Sermet Atadinç

sermet@canakkaleolay.com

Söylenecek çok söz var…

1934
Taksim’de işçilerin 1 Mayıs kutlamasına izin vermeyen hükümet emekçilere saldırdı.
Bu saldırılara en güzel cevap yurdun dört bir yanında coşku içinde kutlanan 1 Mayıs alanlarından geldi.
Bir konu var son derece önemli; yasakların olmadığı her yerde 1 Mayıs coşku içinde kutlandı, tek bir olay bile meydana gelmedi.

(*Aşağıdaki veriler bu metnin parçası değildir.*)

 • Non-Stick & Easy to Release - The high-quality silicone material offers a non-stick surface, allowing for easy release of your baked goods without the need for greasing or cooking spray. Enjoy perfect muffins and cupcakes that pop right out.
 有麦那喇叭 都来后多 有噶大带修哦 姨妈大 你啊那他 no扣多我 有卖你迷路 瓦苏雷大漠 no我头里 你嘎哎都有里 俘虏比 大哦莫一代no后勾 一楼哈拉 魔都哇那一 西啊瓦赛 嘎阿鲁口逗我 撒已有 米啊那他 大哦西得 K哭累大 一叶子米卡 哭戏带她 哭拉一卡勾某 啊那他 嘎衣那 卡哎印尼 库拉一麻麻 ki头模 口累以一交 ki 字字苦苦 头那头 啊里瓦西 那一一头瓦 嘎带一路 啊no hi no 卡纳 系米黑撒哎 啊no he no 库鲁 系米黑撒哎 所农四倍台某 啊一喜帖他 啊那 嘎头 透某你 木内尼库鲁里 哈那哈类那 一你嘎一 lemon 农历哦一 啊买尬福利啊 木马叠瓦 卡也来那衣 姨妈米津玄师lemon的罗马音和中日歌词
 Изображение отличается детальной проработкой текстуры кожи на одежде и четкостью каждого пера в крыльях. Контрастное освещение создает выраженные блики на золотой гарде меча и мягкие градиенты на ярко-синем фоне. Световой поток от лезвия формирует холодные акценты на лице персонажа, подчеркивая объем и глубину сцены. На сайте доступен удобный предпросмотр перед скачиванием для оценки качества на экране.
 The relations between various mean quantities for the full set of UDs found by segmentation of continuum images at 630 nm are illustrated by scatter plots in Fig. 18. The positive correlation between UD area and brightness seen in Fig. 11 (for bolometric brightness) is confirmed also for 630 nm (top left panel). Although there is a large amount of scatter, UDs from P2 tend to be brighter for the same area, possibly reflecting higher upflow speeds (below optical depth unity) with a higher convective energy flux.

Buradan alınacak çok ders var.
 
Nerede yasak var ise; orada kaos ve kargaşa vardır, hele birde demokratik hakların yasaklanması kapsamında gelişen bir süreç var ise bunun toplumsal barışa çok ciddi zararları olur, olacaktır.
Bir kez daha yaşayarak öğrendik; demokratik hakların gasp edildiği koşullarda insanlık adına utanç duyulacak olaylar yaşanmaktadır.

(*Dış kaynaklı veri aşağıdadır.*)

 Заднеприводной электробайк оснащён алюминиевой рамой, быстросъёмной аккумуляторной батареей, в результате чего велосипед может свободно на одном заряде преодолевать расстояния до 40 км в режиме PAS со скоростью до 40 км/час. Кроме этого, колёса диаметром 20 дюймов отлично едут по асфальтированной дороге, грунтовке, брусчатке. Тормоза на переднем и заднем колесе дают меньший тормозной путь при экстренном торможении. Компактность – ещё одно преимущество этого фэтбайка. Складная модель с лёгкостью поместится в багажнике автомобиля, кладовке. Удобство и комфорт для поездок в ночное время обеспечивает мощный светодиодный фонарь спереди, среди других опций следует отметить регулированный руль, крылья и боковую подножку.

1 Mayıs günü İstanbul’da yaşanılanlar da insanlık adına utanç verici gelişmeler olup bunun tek sorumlusu emekçilerin 1 Mayısı Taksim’de kutlamalarına izin vermeyen yasakçı anti demokratik zihniyettir.
Bu alanın emekçiler açısından önemini anlatmaya herhalde gerek yok.

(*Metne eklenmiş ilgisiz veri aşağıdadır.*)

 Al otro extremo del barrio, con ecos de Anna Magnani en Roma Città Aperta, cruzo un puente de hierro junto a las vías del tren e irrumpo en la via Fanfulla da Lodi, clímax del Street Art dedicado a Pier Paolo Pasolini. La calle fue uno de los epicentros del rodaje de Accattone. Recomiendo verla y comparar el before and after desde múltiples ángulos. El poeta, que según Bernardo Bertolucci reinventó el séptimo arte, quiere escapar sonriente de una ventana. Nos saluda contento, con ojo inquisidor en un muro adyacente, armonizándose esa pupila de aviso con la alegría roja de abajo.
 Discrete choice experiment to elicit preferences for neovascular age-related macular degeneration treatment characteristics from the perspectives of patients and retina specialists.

O alanda 1977 yılında bugün hala faillerinin bulunmadığı 37 emekçinin katledildiği bir kara gün yaşanmıştır.
O gün, o alanda olan bir kişi olarak bugün Taksimde 1 Mayıs’ı kutlamak isteyenleri çok daha iyi anlıyorum.
Bu yıl, 1977 yılında o meydanda karanlık güçlerce katledilen Kıymet Kocamış’ın mezarının Bozcaada’da olduğunu öğrenince önce kendime sitem ettim.
Yıllar sonra Disk Genel İş Sendikası tarafından 1977 kanlı 1 Mayıs’ında yitirdiğimiz Kıymet Kocamış’ın mezarı başında anılması kendime duyduğum sitemi bir umuda dönüştürdü.
Nasıl olurda; ben bir Çanakkaleli olarak Kıymet Kocamış arkadaşımızın mezarının Bozcaada’da olduğunu bilmezdim.
Bu konu benim tarafımdan ayrıca sorgulanacak bir konu, fakat DİSK Genel İş’in yıllar sonrada olsa bu duyarlığını takdir edilecek bir gelişmedir.
Bu gelişme ile birlikte bir başka gerçek ile daha yüzleşme fırsatını bulduk.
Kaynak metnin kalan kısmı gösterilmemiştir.